(Promoted by Colorado Pols)

Today is the day we celebrate Dr. Martin Luther King Jr’s life and mission: to challenge oppression, fight for the downtrodden, and call all of us to bold action in fighting injustice.
Although you might not know it from the social media feeds, the creation of this holiday in 1986 was not warmly embraced by American conservatives. In the revision of history Dr. King’s legacy has been watered down and de-radicalized, just as it has been warmly embraced by right-leaning politicians and pundits.
Meanwhile, King’s popular image—transmitted in elementary school lessons for the holiday—has been drained of its radical social critiques and has instead become a generic symbol of equality and kindness to all.
Take the tribute posted by the highly partisan twitter account of Colorado Senate GOP @ColoSenGOP — highlighting the need for equal justice.
And on his Facebook feed Senator Cory Gardner was also quick to appropriate Dr. King’s legacy.

Yes, Dr. King embraced the virtues singled out by Gardner, respect, tolerance, and love. But he was not just an eloquent speaker who mouthed nice words. Dr. King was an activist and he professed the need for radical action and not just happy talk and platitudes.
Unlike the conservatives of his time Dr. King stood for public sector unions, against the war in Vietnam, for racial and economic justice.
As part of his Poor People’s Campaign, Dr. King advocated for a social and economic bill of rights which included a right to a minimum income and universal healthcare coverage.
“Every man, woman and child should be guaranteed adequate healthcare under the social security system.”
Today calls for a higher minimum wage, universal healthcare, and other economic justice reforms are met, often by the same folks ‘honoring’ King’s legacy, with derision and ridicule.
Much as they were in King’s time and in the 1980s when the holiday was being debated: “Communism,” they call it, “handouts,” and “identity politics.”

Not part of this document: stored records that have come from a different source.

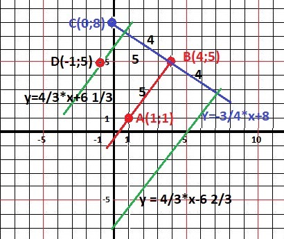 Точка D(-1,5), наклон k = 4/3 = 1,33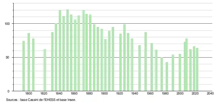 L'évolution du nombre d'habitants est connue à travers les recensements de la population effectués dans la commune depuis 1793. Pour les communes de moins de 10 000 habitants, une enquête de recensement portant sur toute la population est réalisée tous les cinq ans, les populations de référence des années intermédiaires étant quant à elles estimées par interpolation ou extrapolation[15]. Pour la commune, le premier recensement exhaustif entrant dans le cadre du nouveau dispositif a été réalisé en 2008[16].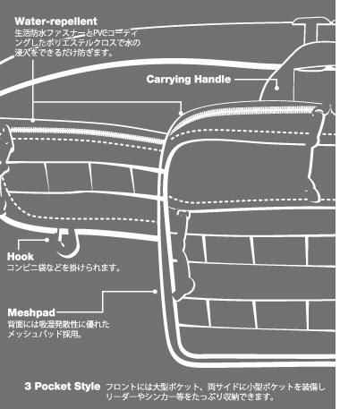 フロントには大型ポケット、両サイドには小型ポケットを装備し小物をたっぷり収納できます。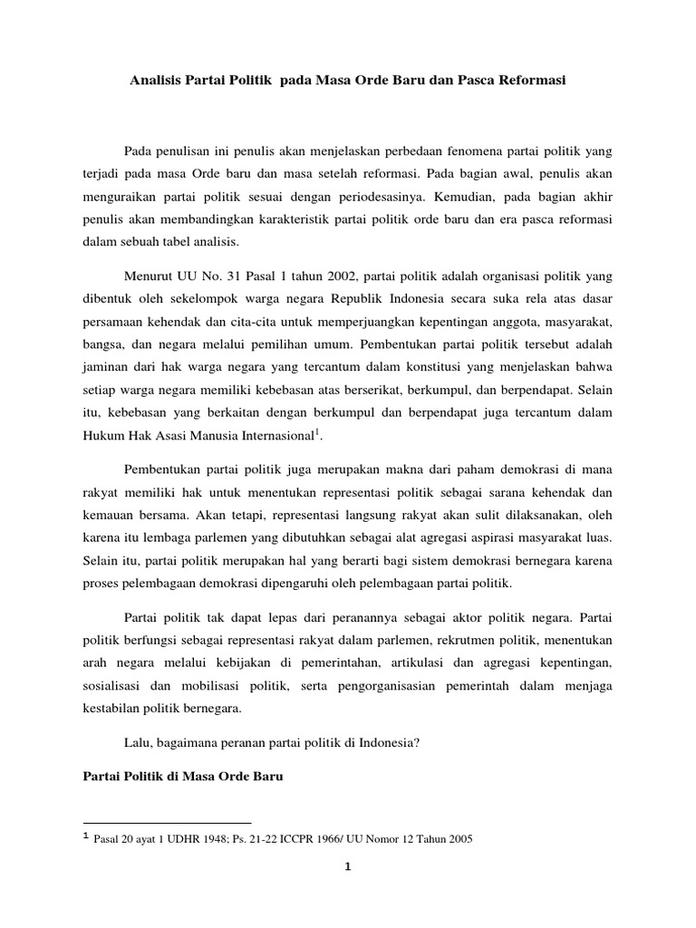Analisis Partai Politik Pada Masa Orde Baru Dan Pasca Reformasi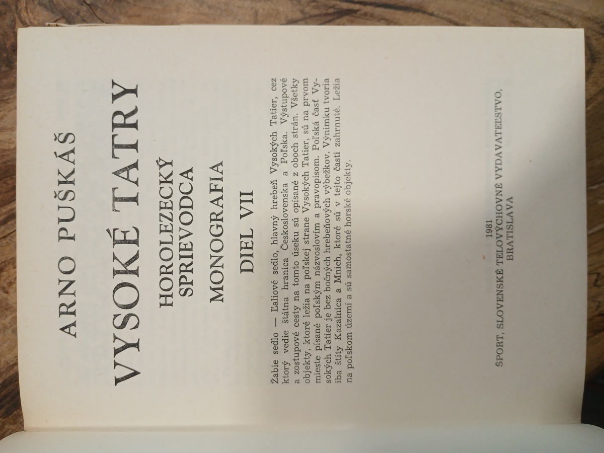| Digitalizovaná tiráž: | ARNO PUŠKÁŠ VYSOKÉ TATRY HOROLEZECKÝ SPRIEVODCA MONOGRAFIA DIEL VII Žabie sedlo - Ľaliové sedlo, hlavný hrebeň Vysokých Tatier, cez ktorý vedie štátna hranica Československa a Poľska. Výstupové a zostupové cesty na tomto úseku sú opísané z oboch strán. Všetky objekty, ktoré ležia na poľskej strane Vysokých Tatier, sú na prvom mieste písané poľským názvoslovím a pravopisom. Poľská časť Vy- sokých Tatier je bez bočných hrebeňových výbežkov. Výnimku tvoria iba štíty Kazalnica a Mnich, ktoré sú v tejto časti zahrnuté. Ležia na poľskom území a sú samostatné horské objekty. 1981 SPORT, SLOVENSKÉ TELOVÝCHOVNÉ VYDAVATEĽSTVO, BRATISLAVA |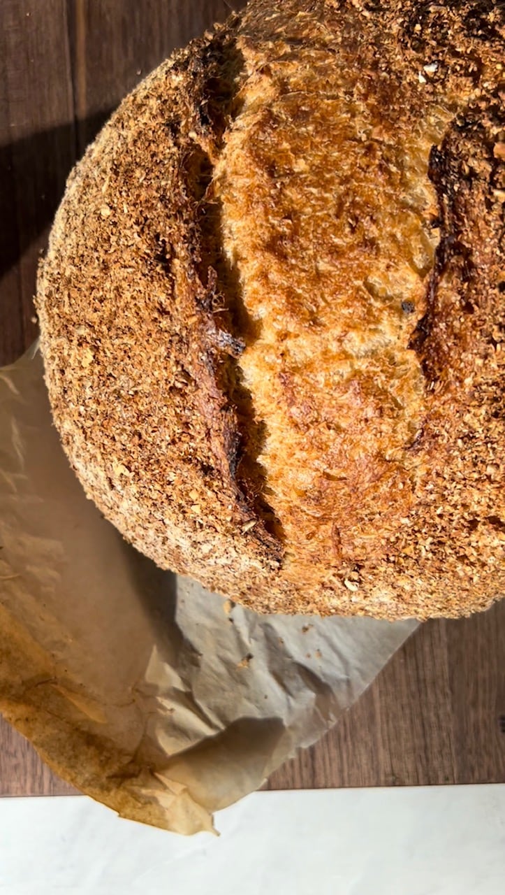 a hearty, super wholesome loaf of artisan wheat and bran bread made with a pre-ferment called a “poolish”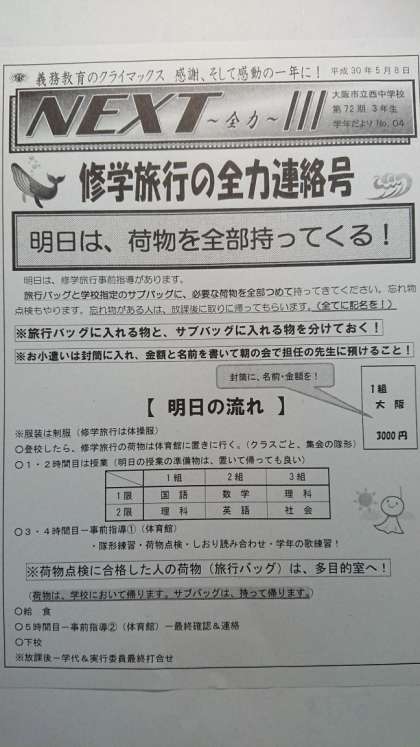 3年生学年だより「修学旅行の全力連絡号」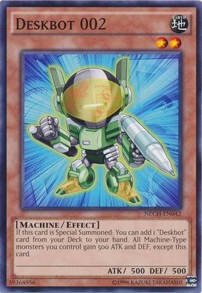 If this card is Special Summoned: You can add 1 ‘Deskbot’ card from your Deck to your hand. All Machine-Type monsters you control gain 500 ATK and DEF, except this card.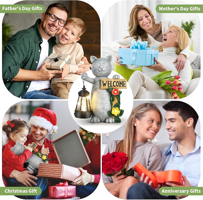 - A Great Gift: Cats are popular pets. Our cute solar cat statue is a great gift for any occasion, such as Christmas, New Year's, birthdays, Mother's Day, Father's Day, Valentine's Day, housewarming, graduation, Easter, etc. It can be given to him, her, women, men, dad, mom, wife, husband, sisters, brother, grandfather, grandmother, colleagues, kids, neighbors, or friends, etc.
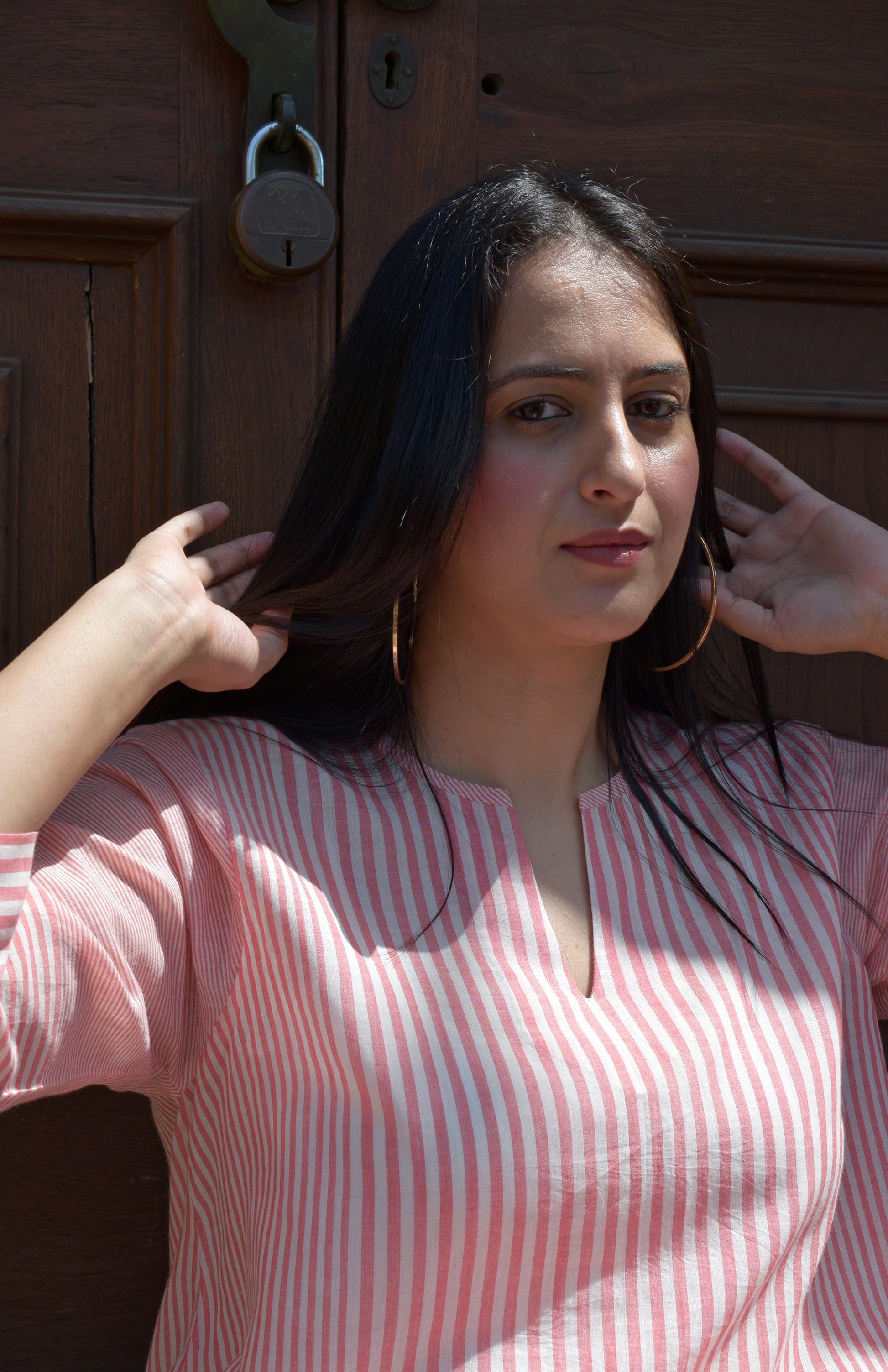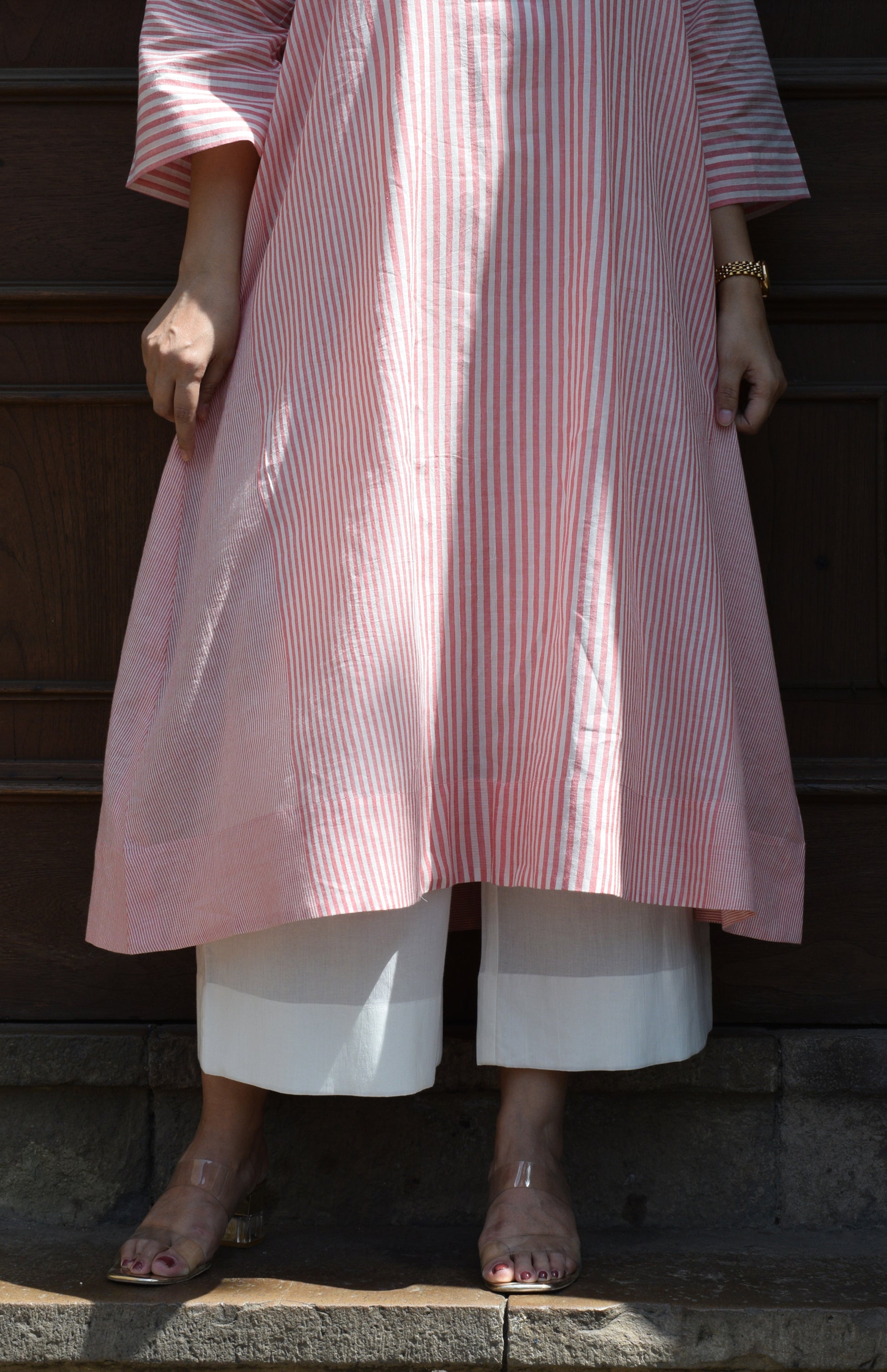 Coral Stripe Bias Paneled kurta in Handwoven cotton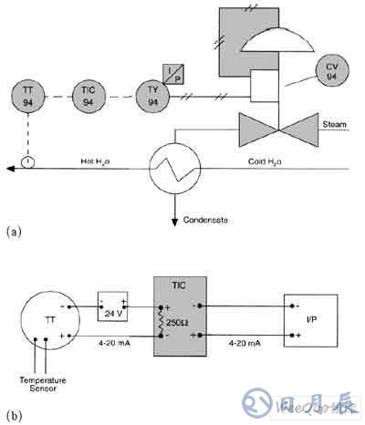 在某些情況下,I/P經(jīng)常被用在溫度控制環(huán)路中。在這種控制環(huán)路中主要用蒸汽流來(lái)控制環(huán)路。如圖3中所示,一個(gè)環(huán)路組成主要為:一個(gè)用來(lái)測(cè)量溫度的熱耦或RTD、一個(gè)給控制器傳輸電信號(hào)的溫度傳送器,一個(gè)將控制器輸出信號(hào)變?yōu)閴簭?qiáng)的I/P以及一個(gè)控制蒸汽流動(dòng)的氣動(dòng)閥門。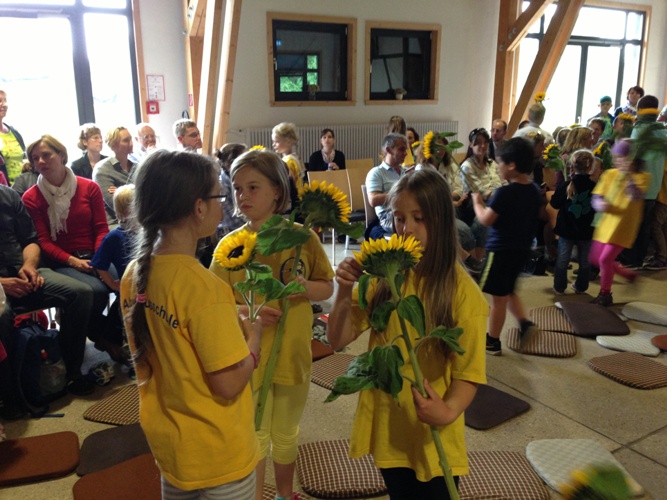 Am Schluss bekamen alle Kinderkünstler eine Sonnenblume

Senators Jesse Helms and John Porter East (both North Carolina Republicans) led opposition to the holiday and questioned whether King was important enough to receive such an honor. Helms criticized King’s opposition to the Vietnam War and accused him of espousing “action-oriented Marxism“.[4] Helms led a filibuster against the bill and on October 3, 1983, submitted a 300-page document to the Senate alleging that King had associations with communists. New York Senator Daniel Patrick Moynihan declared the document a “packet of filth”, threw it on the Senate floor and stomped on it.[5][6]
President Ronald Reagan originally opposed the holiday, citing cost concerns. When asked to comment on Helms’ accusations that King was a communist, the president said “We’ll know in thirty-five years, won’t we?”

When the holiday was first proposed in legislation in 1979 it passed Congress by 252-133. Of the NAY votes, 101 were Republicans. Colorado’s delegation of Democrats voted for the holiday, its Republicans did not.
In Colorado the resolution to recognize Martin Luther King’s holiday was introduced by Democrats and signed by Democratic governor Richard Lamm.
Everyone likes a winner, and the sanitized version of Dr. Martin Luther King – loving, tolerant, respectful—makes for a nice story when politicians want to look inclusive without actually challenging fundamental beliefs. But there is very little in Dr. King’s legacy to suggest that his politics and principles aligned with those of the conservatives that are today lauding his legacy. Indeed the policies professed by these latter day King fans are, in many cases, diametrically opposed to what Dr. King worked for and called people to become.
Dr. King is an American icon, and his legacy is complex and not owned by either party or any political persuasion. But that doesn’t mean it is void of meaning and a blank slate to be misappropriated at will, stripped of meaning and rendered into pablum.
And if readers think I am just working to shoehorn King’s legacy into my own liberal agenda, consider this in closing. Dr. King was a supporter of women’s reproductive rights, writing in a letter to Planned Parenthood, that:
“I have always been deeply interested in and sympathetic with the total work of the Planned Parenthood Federation…”
Sen Cory Gardner on the other hand, not so much, explaining his recent vote to defund this organization that primarily serves lower income women.
“This bill would redirect funding for women’s healthcare away from the scandal-plagued Planned Parenthood and towards responsible community health clinics that operate without a political agenda,” he said in response.
Vacuous Facebook posts are ubiquitous, of course. But reality still matters. King talked about the need to recognize all humanity as one, not divided.
With constant fear-mongering about the “others” in our midst–immigrants, refugees, federal prisoners, gay nuptials, environmentalists, OBAMA!!!–today’s conservatives seem to have missed what Dr. King was saying to us. The substance of his message was about economic justice, peace, and racial equality. His call to us was to fight for these things.
And King’s appellations are just as relevant today. They were not a call for platitudes but for radical and, yes, disruptive action.